Hingga saat ini Indonesia, yang sudah 74 tahun merdeka,
masih menggunakan hukum pidana produk Pemerintah Kolonial Belanda. Sudah sejak puluhan
tahun muncul keinginan agar bangsa Indonesia mempunyai produk hukum pidananya sendiri.

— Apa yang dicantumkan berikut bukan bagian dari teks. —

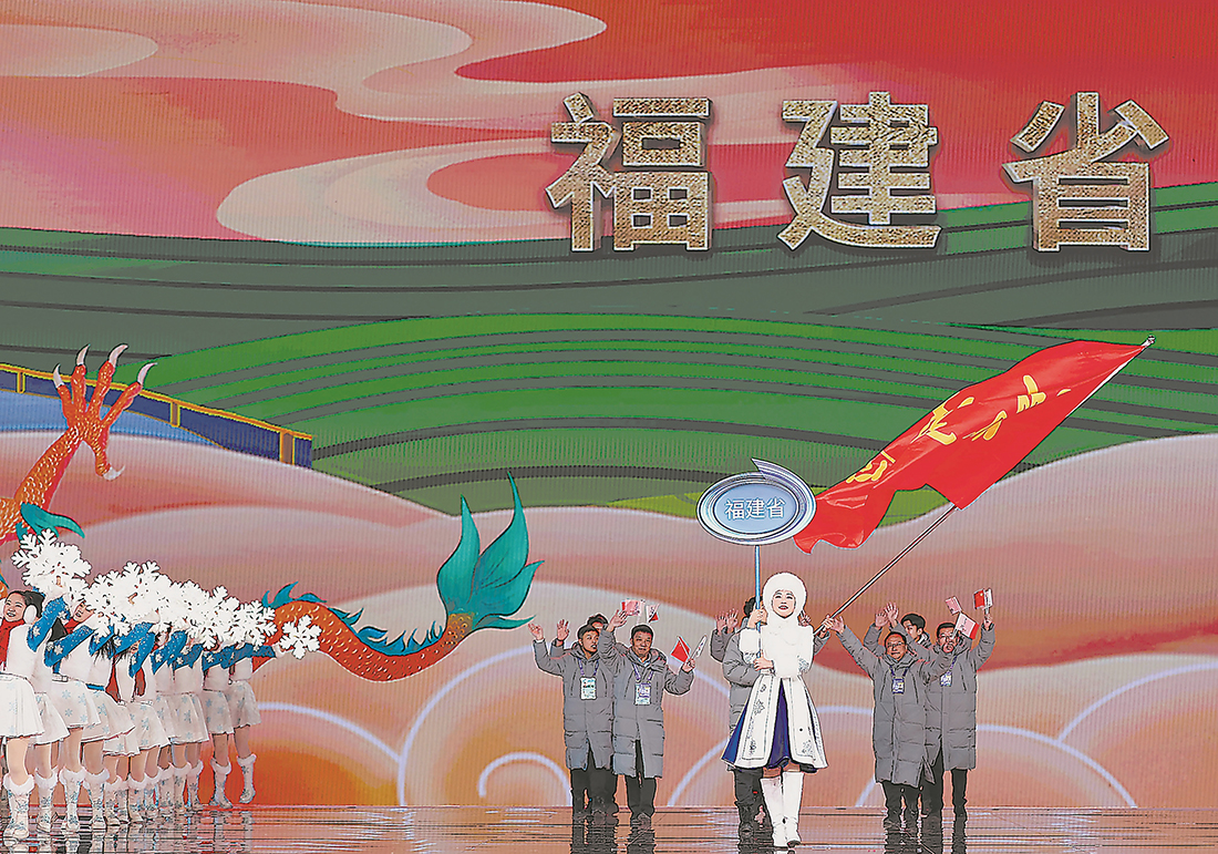 2月17日,第十四届全国冬季运动会开幕式在内蒙古呼伦贝尔市海拉尔区内蒙古冰上运动训练中心举行。图为福建省体育代表团在开幕式上入场。李博 摄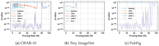 The comparison of robustness against pruning attacks is shown in Figure 8 and Figure 9. In the experiments on CIFAR-10, when the pruning rate is below 80%, our method has the lowest p-value and the highest WSR. The proposed watermarking process is effective until a pruning rate of 90%. In the experiments on Tiny-ImageNet, within a pruning rate of 28%, our p-value remains below and the WSR remains above 76%, where the watermark still can be verified. In the experiments on PubFig, our p-value remained below until pruning reached 84%, and the WSR stayed close to 100% until pruning reached 91%. Same as above, the comparison methods are ineffective on Tiny-ImageNet and PubFig. Therefore, the proposed method has better robustness against pruning attacks.

Akan tetapi, ketika rancangan undang-undang KUHP hendak disahkan oleh DPR, aksi
penolakan begitu kuat. (RUU-KUHP bisa dibaca di sini). Demikian pula dengan rancangan undang-undang Penghapusan
Kekerasan Seksual (PKS; RUU-PKS dapat dibaca di sini). Ada beberapa pasal yang dinilai menuai kontroversial. Salah
satunya adalah persoalan kehadiran negara pada ranah pribadi.
Persoalan kehadiran negara pada ranah pribadi ini tampak
dalam beberapa pasal. Yang paling menonjol adalah soal suami memperkosa istri,
yang dapat dihukum maksimal 12 tahun penjara. Kami sendiri belum menemukan
pasal dengan klausul perkosaan suami terhadap istri. Akan tetapi, di media sosial
persoalan ini ramai dibicarakan para netizen. Mungkin yang dimaksud adalah pasal 597 RKUHP. Pada umumnya netizen bersikap
negatif terhadap pasal tersebut, dan menilai pasal tersebut berlebihan.
Sebelum kita membahas persoalan ini, terlebih dahulu kita
harus memahami apa yang dimaksud dengan perkosaan suami terhadap istri. Umumnya
perkosaan dipahami dengan pemaksaan dalam berhubungan seks; dan yang melakukan pemaksaan
itu adalah suami, sedangkan istri sebenarnya menolak. Atau, mengutip pasal 16
RUU PKS, perkosaan adalah “kekerasan seksual yang dilakukan dalam bentuk
kekerasan, ancaman kekerasan, atau tipu muslihat, atau menggunakan kondisi
seseorang yang tidak mampu memberikan persetujuan untuk melakukan hubungan
seksual.” Jadi, dalam konteks ini, suami memaksa istrinya untuk melakukan hubungan
seks, padahal istri tidak setuju, atau tidak siap atau tidak lagi mood dengan berbagai macam alasan.